> **EXERCISE PROMPT**
In the material below, find the line with "من جانبه، أعرب" and the line with "This Across the", then output those two lines and every line between them, exactly.

> **DATA TO USE**

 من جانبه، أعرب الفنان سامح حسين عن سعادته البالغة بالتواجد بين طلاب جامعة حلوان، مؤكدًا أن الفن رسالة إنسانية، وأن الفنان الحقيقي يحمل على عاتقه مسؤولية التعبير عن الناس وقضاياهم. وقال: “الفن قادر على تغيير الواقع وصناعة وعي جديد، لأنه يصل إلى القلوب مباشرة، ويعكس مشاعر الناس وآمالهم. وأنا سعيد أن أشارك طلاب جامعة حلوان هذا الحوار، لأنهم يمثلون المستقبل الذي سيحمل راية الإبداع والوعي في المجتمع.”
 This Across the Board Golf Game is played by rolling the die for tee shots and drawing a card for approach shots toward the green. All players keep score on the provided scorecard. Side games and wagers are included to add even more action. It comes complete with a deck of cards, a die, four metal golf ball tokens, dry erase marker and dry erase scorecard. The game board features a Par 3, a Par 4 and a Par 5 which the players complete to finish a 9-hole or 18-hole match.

--

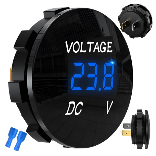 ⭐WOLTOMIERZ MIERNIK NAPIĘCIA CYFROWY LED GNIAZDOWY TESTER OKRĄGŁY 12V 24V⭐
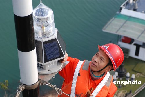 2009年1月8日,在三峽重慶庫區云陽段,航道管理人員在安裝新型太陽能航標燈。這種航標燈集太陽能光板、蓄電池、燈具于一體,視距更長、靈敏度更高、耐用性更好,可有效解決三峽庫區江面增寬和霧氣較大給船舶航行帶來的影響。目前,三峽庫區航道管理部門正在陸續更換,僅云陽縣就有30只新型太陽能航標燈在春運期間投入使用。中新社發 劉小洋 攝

* * *

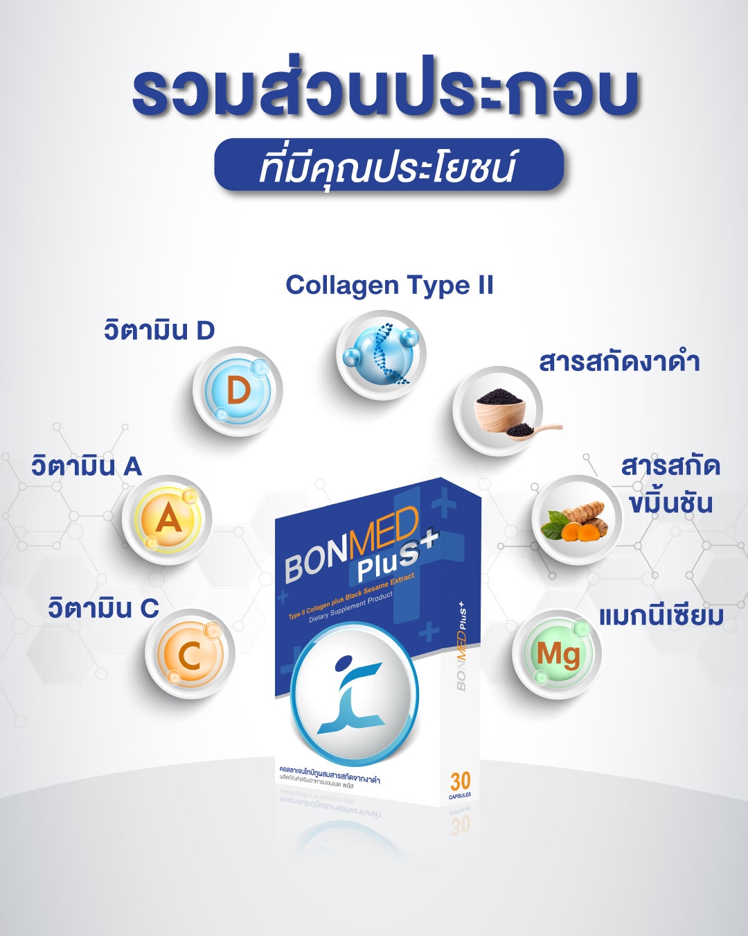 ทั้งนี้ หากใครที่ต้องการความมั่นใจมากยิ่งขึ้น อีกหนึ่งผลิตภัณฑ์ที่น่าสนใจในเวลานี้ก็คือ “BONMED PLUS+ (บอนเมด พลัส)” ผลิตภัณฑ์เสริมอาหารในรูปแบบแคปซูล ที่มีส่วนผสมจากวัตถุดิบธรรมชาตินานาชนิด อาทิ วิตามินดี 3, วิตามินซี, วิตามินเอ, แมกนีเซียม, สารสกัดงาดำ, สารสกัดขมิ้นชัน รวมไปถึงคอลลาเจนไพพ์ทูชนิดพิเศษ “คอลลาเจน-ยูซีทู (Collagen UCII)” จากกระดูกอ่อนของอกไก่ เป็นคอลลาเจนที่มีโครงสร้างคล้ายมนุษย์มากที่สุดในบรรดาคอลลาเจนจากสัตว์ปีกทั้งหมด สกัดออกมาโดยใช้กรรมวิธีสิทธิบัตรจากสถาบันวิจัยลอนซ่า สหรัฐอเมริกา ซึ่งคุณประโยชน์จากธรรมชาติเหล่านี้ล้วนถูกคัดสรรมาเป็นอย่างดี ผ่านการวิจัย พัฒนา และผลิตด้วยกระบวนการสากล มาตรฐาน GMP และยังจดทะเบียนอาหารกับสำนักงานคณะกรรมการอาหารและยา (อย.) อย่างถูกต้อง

> **WRITTEN RESPONSE**
 من جانبه، أعرب الفنان سامح حسين عن سعادته البالغة بالتواجد بين طلاب جامعة حلوان، مؤكدًا أن الفن رسالة إنسانية، وأن الفنان الحقيقي يحمل على عاتقه مسؤولية التعبير عن الناس وقضاياهم. وقال: “الفن قادر على تغيير الواقع وصناعة وعي جديد، لأنه يصل إلى القلوب مباشرة، ويعكس مشاعر الناس وآمالهم. وأنا سعيد أن أشارك طلاب جامعة حلوان هذا الحوار، لأنهم يمثلون المستقبل الذي سيحمل راية الإبداع والوعي في المجتمع.”
 This Across the Board Golf Game is played by rolling the die for tee shots and drawing a card for approach shots toward the green. All players keep score on the provided scorecard. Side games and wagers are included to add even more action. It comes complete with a deck of cards, a die, four metal golf ball tokens, dry erase marker and dry erase scorecard. The game board features a Par 3, a Par 4 and a Par 5 which the players complete to finish a 9-hole or 18-hole match.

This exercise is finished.